В. Малявина, человека, который, наверно, знает китайский язык гораздо лучше многих китайцев (по крайней мере, так утверждают). Он долгое время жил на Тайбэй, столь глубоко проникшего в суть китайского языка человека еще надо поискать. Тем не менее, отличие между китайцем и некитайцем настолько глубоко, что Малявин говорил: «Мы не можем стать китайцами, как бы глубоко мы туда не проникали». Это невозможно. Другое дело, что при познании другой культуры можно найти некие сходные методы познания своей культуры. В Китае идут не от головы, а от тела. И вот механика тела становится тем самим проводником, который можно менять и трансформировать больше, чем уровень интеллекта. Многие мысли, которые приходят, они приходят потом.

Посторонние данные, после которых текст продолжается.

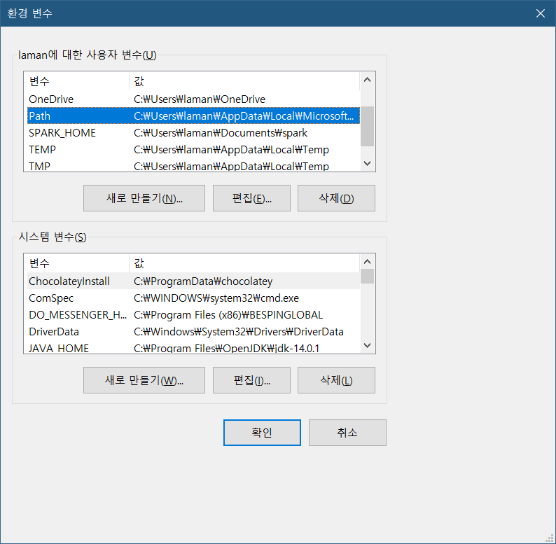 [시스템]의 좌측에서 [고급 시스템 설정 > 고급 > 환경 변수]에 들어가면 사용자 변수와 시스템 변수 두 개가 있는 것을 확인할 수 있습니다.

Если говорить об ощущении, которое возникает при взгляде на иероглифы, оно, конечно, возникает. Безусловно, ощущение колорита, экзотики. Есть в китайской культуре, что поражает и восхищает, – там возникает какое-то чудо создания иероглифов. Скажем, есть в Китае такой вид искусства, нам он практически не известен, – писать мокрой кисточкой иероглифы на асфальте. Это искусство живет всего несколько минут. Но вот в этом, с одной стороны, есть некая идея – это можно прочесть. А с другой стороны, это порождает определенные ощущения кратковременности бытия, краткости искусства и вообще жизни. Само по себе это решает сразу несколько задач. Обратите внимание, что искусство каллиграфии в Китае ценится, как искусство живописи, как искусство музыки. Каллиграфия – это отдельное великое искусство. И всегда, как правило, знаток понимает, кто это написал – дилетант или мастер. Потому что оно создается от руки – это точное искусство, и писание приходит спонтанно, все рождается тогда, когда должно быть рождено, не раньше и не позже. Не знаю, внятно ли я ответил на Ваш вопрос.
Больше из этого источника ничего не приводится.